Entering one of the Rheinsteig paths leading up to Drachenfels is always somewhat of a mystical experience for me. Traffic sounds hush suddenly, bowing to the sounds of branches swishing in the wind, leaves stretching out their buds and a creek bubbling, joyfully.

The Niebelungenlied, the epic poem in Middle High German, describes how the hero Siegfried killed the dragon Fafnir, who lived in a cave in the Drachenfels. Siegfried then bathed in Fafnir’s blood, rendering him invincible, except for his Achille’s tendon, a spot between his shoulder blades, which was covered by a linden leaf. Richard Wagner partly based his operatic cycle der Ring des Nibelungen on the Nibelungenlied.

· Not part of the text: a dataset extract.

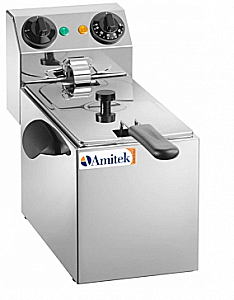 Корпус, ванна и крышка фритюрницы изготовлены из высококачественной нержавеющей стали, съемные корзины — из хромированной проволоки, ручки корзин и крышек — из термостойкого пластика.

There’s a nice view of the Rhine from the restaurant platform on the way to the top of Drachenfels.
The ruin at the top of the hill is all that is left of Burg Drachenfels, built in the 12th century by Archbishop Arnold I of Cologne

Closer to the clouds than the Earth, the view from Drachenfels is lovely. It’s easy to see why the place was beloved by poets of Rhine Romanticism. Lord Byron also wrote about Drachenfels. Here is an excerpt from his poem of the same name:

The castled crag of Drachenfels
Frowns o’er the wide and winding Rhine
Whose breast of waters broadly swells
Between the banks which bear the vine.